Great Buck. Congrats! I would probably say about 165-169 or so.


----------



## Trouthunter (Dec 18, 1998)

I like his unusual antlers...congratulations.

TH


----------



## Snagged (May 21, 2004)

Very Nice buck.


----------



## 40inchred (Nov 14, 2007)

what a deer


----------



## Ranch Dog (Dec 25, 2007)

That is an outstanding buck!


----------



## KILLROY (Jul 2, 2005)

Wow what a Buck!I would like to kill one like that


----------



## jimk (May 28, 2004)

Unique antlers...quite a trophy..congratulations!!


----------



## Bucksnort (Jun 29, 2004)

Fantastic deer. Congratulations to you.


----------



## John Paul (Feb 22, 2006)

score?

gross 173


----------



## Jfreeman (Nov 3, 2004)

John Paul said:


> score?
> 
> gross 173


 Getting closer!


----------



## jt2hunt (May 13, 2006)

how old was he


----------



## Pod (Dec 11, 2004)

Really, Really nice!


----------



## haparks (Apr 12, 2006)

wow that is a killer buck


----------



## bigr382000 (May 28, 2006)

i bet he's closer to 180......you da-man-nice buck


----------



## 6Mile (Dec 17, 2005)

very nice buck and my score guess is 183


----------



## huntinguy (Aug 22, 2005)

Nice Exceptional Deer!


----------



## O/G SALTY (Jun 7, 2006)

Was That Kill Near Eagle Pass,tx.


----------



## Jfreeman (Nov 3, 2004)

O/G SALTY said:


> Was That Kill Near Eagle Pass,tx.


The ranch is about 25 miles south of Eagle Pass.


----------



## elkhunter49 (Jun 7, 2004)

Thats a hell of a buck Freeman. I'll guess 176 !!! Well Done


----------



## asolde (May 22, 2004)

He is a low 190 class buck.


----------



## B (May 29, 2007)

Great deer


----------



## HornSuperFan (May 31, 2005)

Beautiful deer. 177 on the score.


----------



## pacontender (Jun 26, 2004)

Cool buck Jeff!


----------



## br1006 (Mar 24, 2006)

Great buck! I love seeing unique antlers like that. I would have to say he is the type of buck I have dreamed about for a long time!

I have some frineds that hunt south of Eagle Pass on a large place. Probably pretty close to you?


----------



## Solid Action (May 21, 2004)

Heck of a deer and a cool picture/pose.


----------



## Jfreeman (Nov 3, 2004)

The deer scored 181 6/8'' gross.


----------



## fuelish1 (Aug 3, 2004)

wow, that buck has some character!:cheers:


----------



## Woodrow (Jun 17, 2004)

Jfreeman said:


> The deer scored 181 6/8'' gross.


Great buck, congrats!

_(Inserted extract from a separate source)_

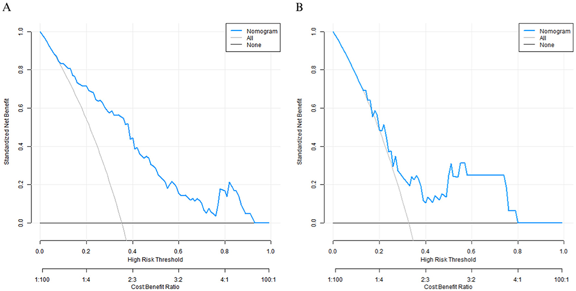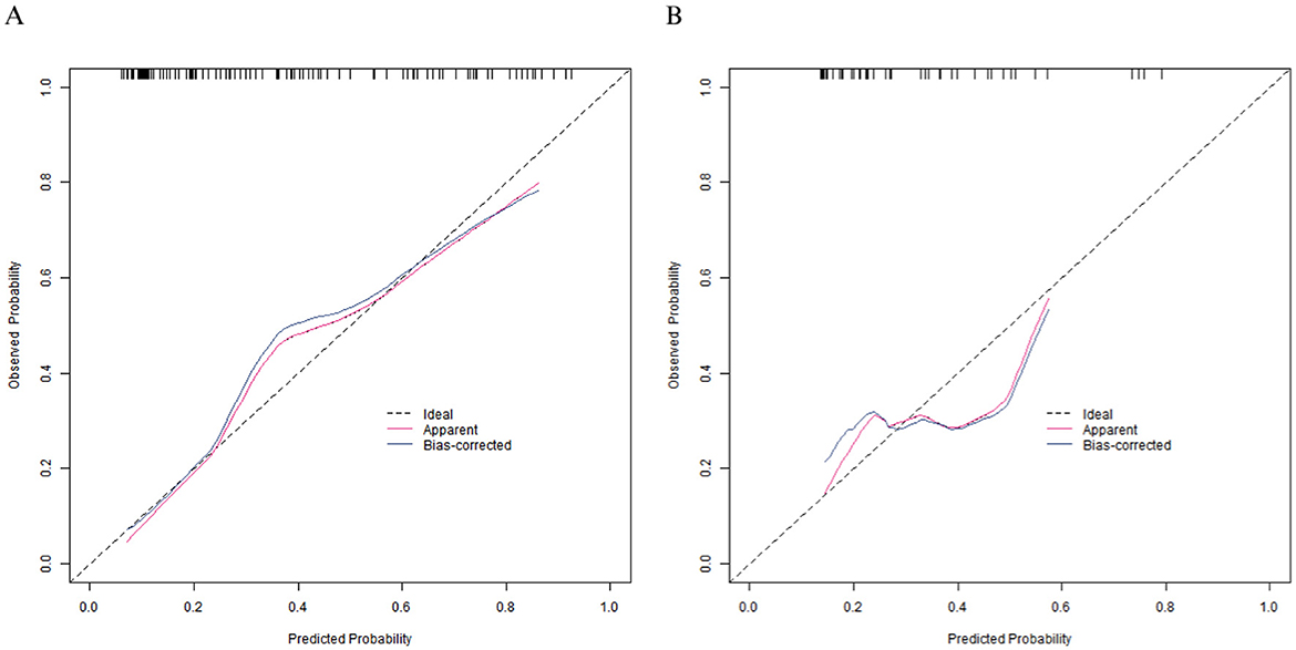 In the training set, the C-index of the calibration curve was 0.834 and the Brier score was 0.158. The P-value obtained from Hosmer-Lemeshow test was 0.604, indicating a good fit of the model. The ROC curve showed an AUC of 0.834 (95% CI: 0.760–0.908), with a sensitivity of 0.786 and a specificity of 0.792. In the validation set, the C-index was 0.703, the Brier score was 0.193, the P-value of Hosmer Lemeshow test was 0.349, the area under the ROC curve was 0.703 (95% CI: 0.539–0.866), and the sensitivity and specificity were 0.562 and 0.727, respectively. The calibration curve and the ROC curve are shown in Figures 2, 3.

How long are his beams?


----------



## elkhunter49 (Jun 7, 2004)

That's a great buck and a hell of a score. Anything in the 180's up is
a true trophy in any state. I underestimated him. Congrats on a brute
of a buck. Later Baker


----------



## Jfreeman (Nov 3, 2004)

Woodrow said:


> Great buck, congrats! How long are his beams?


Mainbeams are 28 4/8'' and 27 3/8.


----------



## Charles Helm (Oct 22, 2004)

Jfreeman said:


> Mainbeams are 28 4/8'' and 27 3/8.


 Those are long beams.


----------



## El Cazador (Mar 4, 2005)

Very nice Jeff! Congrats on a monster buck. 28" beams? WOW! You've had an awesome year. How long are the G1's? 9"?


----------



## Jfreeman (Nov 3, 2004)

El Cazador said:


> Very nice Jeff! Congrats on a monster buck. 28" beams? WOW! You've had an awesome year. How long are the G1's? 9"?


The brows were both 9 2/8''. It's been a great season, how is your season going.


----------



## Redfishr (Jul 26, 2004)

Awesome buck, congrats........


----------



## TPD (Jun 11, 2004)

*buck*

Thats a great deer. I really like the way the ends of each main are the same even though one curves down. Very cool. Congrats.


----------



## JD761 (Jun 7, 2006)

Very, very nice buck. Congrats to ya.


----------



## Josh5 (Jun 27, 2007)

Awesome deer. I wouldn't have guessed it to score that high. Cool...Were you entered in any contests?


----------



## El Cazador (Mar 4, 2005)

Jfreeman said:


> The brows were both 9 2/8''. It's been a great season, how is your season going.


Thanks for asking. My season is going better than I expected. I haven't pulled the trigger on a buck yet, but I'm really encouraged by the "up and comers" and I'm seeing some new deer that I hadn't seen before. I'll see what happens, but if I don't see the one I'm looking for? at least I can live vicariously through you guys and the bucks y'all have taken.


----------